Although much of the law surrounding DWI enforcement is settled, there are certain issues that come up from time to time in the courts. Typically, the average person doesn’t hear too much about these issues until the U.S. Supreme Court comes down with a decision on some disputed issue.
One of the more recent decisions the Supreme Court decided with respect to DWI enforcement came in 2013 in the case Missouri v. McNeely, which held that police offers are required to obtain a search warrant before taking a blood sample from a suspected drunk driver, provided officers can reasonably do so. The decision was a big one, but it left some questions unanswered. Last Friday, the Supreme Court agreed to take on one of those questions.
The specific issue before the court, raised by three separate cases, is whether it is legal for states to impose criminal penalties on motorists who refuse to submit to BAC (blood alcohol content) testing.

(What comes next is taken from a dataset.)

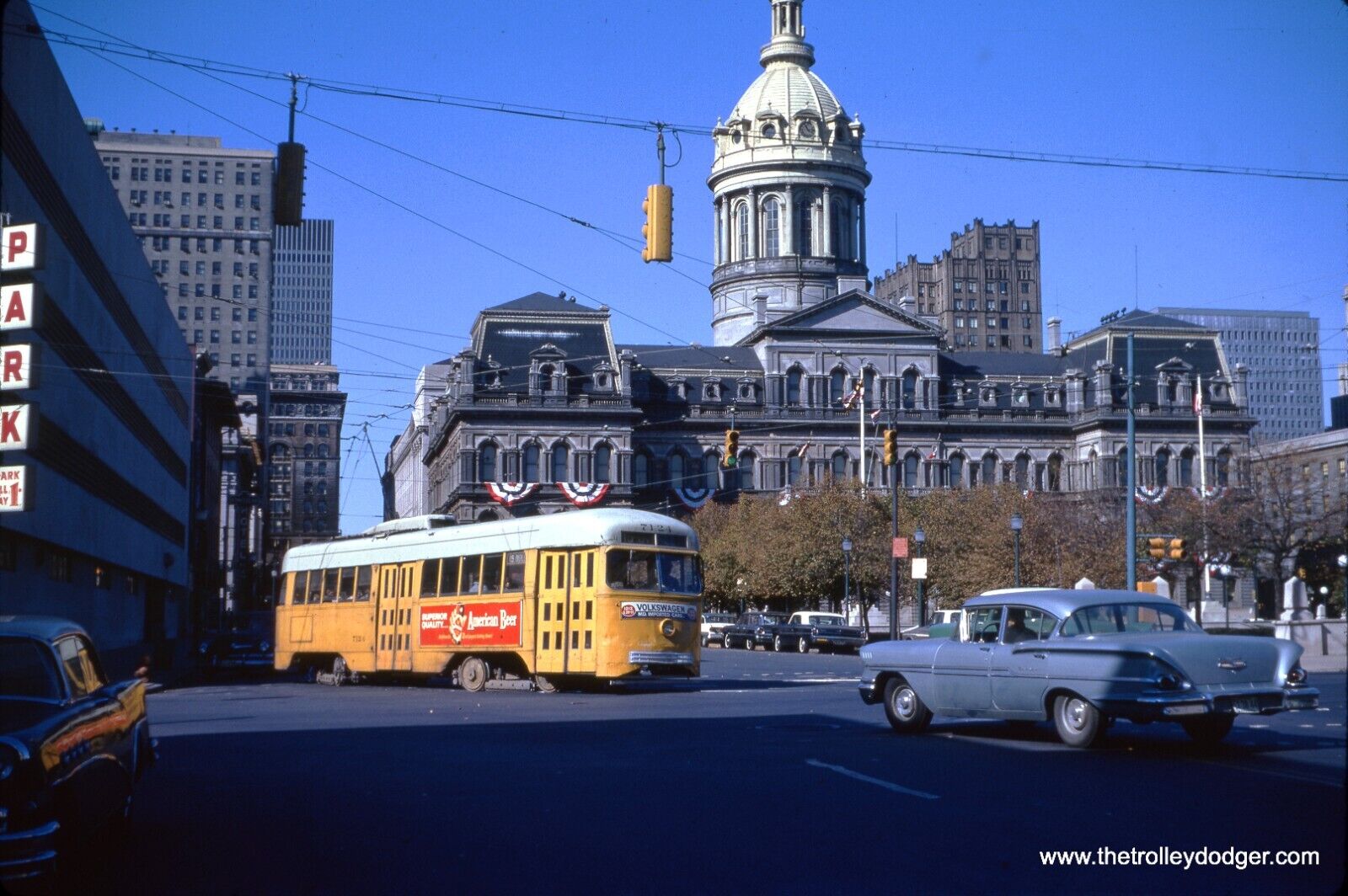 Subject: BTC Baltimore PCC Streetcar Trolley #7124 Location: Baltimore, Maryland (Route 15 - Gay and Fayette) Date: October 12, 1963 Photographer: Jeffrey L. Wien

Those suspected of driving under the influence of alcohol do have the ability to refuse to submit to chemical testing under state implied consent laws, though not without consequences. Some states do permit so-called “no refusal” policies, which allow officers to take blood by force after obtaining a warrant, but the question before the Supreme Court only pertains to implied consent laws which criminalize the refusal to submit to testing.
Each of the cases involves a suspected drunk driver who refused to submit to alcohol testing, with subsequent imposition of criminal penalties. The high courts of both states from which the cases originate—Minnesota and North Dakota—have upheld the constitutionality of the criminal penalties, but we’ll have to wait and see how the court comes down on the issue. We’ll keep our readers updated.